How to create RDD from Java in-memory data?

classic Classic list List threaded Threaded
7 messages Options
Reply | Threaded
Open this post in threaded view
|

How to create RDD from Java in-memory data?

wallacemann
I would like to construct an RDD from data I already have in memory as POJO objects.  Is this possible?  For example, is it possible to create an RDD from Iterable<String>?

I'm running Spark from Java as a stand-alone application.  The JavaWordCount example runs fine.  In the example, the initial RDD is populated from a text file.  In my use case, I'm streaming data from a database, but even this is hidden behind an interface which is essentially Iterable<String>.

What I am doing is so basic that I must not understand something obvious.  Thanks for any suggestions.
Reply | Threaded
Open this post in threaded view
|

Re: How to create RDD from Java in-memory data?

wallacemann
I was right ... I was missing something obvious.  The answer to my question is to use JavaSparkContext.parallelize which works with List<T> or List<Tuple2<K,V>>.
Reply | Threaded
Open this post in threaded view
|

Re: How to create RDD from Java in-memory data?

Matei Zaharia
Administrator
Yeah, we could make it take Iterable too if that helped.

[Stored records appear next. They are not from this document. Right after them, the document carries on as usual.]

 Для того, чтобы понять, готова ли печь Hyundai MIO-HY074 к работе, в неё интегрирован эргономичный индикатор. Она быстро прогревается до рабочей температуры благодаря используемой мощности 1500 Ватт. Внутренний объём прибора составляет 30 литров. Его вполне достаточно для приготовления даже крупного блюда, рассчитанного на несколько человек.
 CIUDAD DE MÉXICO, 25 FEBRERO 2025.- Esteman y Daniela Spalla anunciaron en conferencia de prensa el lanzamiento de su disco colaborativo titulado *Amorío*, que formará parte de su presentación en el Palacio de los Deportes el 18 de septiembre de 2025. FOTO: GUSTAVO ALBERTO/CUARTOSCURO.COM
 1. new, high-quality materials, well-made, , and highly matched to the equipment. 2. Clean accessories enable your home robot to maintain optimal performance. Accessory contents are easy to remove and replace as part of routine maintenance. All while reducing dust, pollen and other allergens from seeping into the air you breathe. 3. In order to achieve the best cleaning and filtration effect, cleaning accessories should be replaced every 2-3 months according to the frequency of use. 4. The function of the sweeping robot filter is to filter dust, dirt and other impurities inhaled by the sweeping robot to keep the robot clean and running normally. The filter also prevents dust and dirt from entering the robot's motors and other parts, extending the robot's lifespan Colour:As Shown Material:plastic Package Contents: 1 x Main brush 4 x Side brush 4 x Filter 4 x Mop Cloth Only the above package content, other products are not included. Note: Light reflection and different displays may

What data structure did you have here?

Matei

On Mar 10, 2014, at 6:29 PM, wallacemann <[hidden email]> wrote:

> I was right ... I was missing something obvious.  The answer to my question
> is to use JavaSparkContext.parallelize which works with List<T> or
> List<Tuple2&lt;K,V>>.
>
>
>
> --
> View this message in context: http://apache-spark-user-list.1001560.n3.nabble.com/How-to-create-RDD-from-Java-in-memory-data-tp2486p2487.html
> Sent from the Apache Spark User List mailing list archive at Nabble.com.

Reply | Threaded
Open this post in threaded view
|

Re: How to create RDD from Java in-memory data?

wallacemann
The question would be whether or not Iterable would save memory.  

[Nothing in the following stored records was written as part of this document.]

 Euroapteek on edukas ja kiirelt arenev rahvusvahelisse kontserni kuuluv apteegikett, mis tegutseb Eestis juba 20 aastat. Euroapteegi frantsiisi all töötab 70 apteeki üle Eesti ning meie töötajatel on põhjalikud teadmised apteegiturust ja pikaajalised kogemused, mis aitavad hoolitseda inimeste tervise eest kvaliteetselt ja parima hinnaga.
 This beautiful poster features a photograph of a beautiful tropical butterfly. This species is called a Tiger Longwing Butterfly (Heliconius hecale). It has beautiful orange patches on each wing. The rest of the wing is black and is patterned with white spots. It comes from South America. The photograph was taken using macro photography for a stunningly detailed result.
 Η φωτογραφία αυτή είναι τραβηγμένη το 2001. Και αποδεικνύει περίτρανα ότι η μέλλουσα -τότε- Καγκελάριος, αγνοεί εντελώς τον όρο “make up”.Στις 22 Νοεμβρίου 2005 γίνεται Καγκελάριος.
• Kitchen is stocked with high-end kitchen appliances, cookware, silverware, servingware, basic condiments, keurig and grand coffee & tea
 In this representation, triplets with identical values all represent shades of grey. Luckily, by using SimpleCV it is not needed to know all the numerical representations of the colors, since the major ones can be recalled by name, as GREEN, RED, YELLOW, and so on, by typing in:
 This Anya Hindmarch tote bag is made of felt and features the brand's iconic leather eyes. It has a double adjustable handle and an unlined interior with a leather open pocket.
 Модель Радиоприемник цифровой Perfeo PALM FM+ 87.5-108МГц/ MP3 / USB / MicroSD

It's trivial for me to build a list out of my iterable.  If I understood the code correctly, Spark takes that List and converts it to an array, so I built an ArrayList out of the iterable in the hopes that Spark would use the underlying array structure natively in the RDD.  If that is the case, then no effort or memory has been wasted (at least for single node).  If (when) that is not the case, if the RDD throws away my array, then indeed it would be more efficient to pass Spark an iterable and let it build up whatever internal representation that it needs.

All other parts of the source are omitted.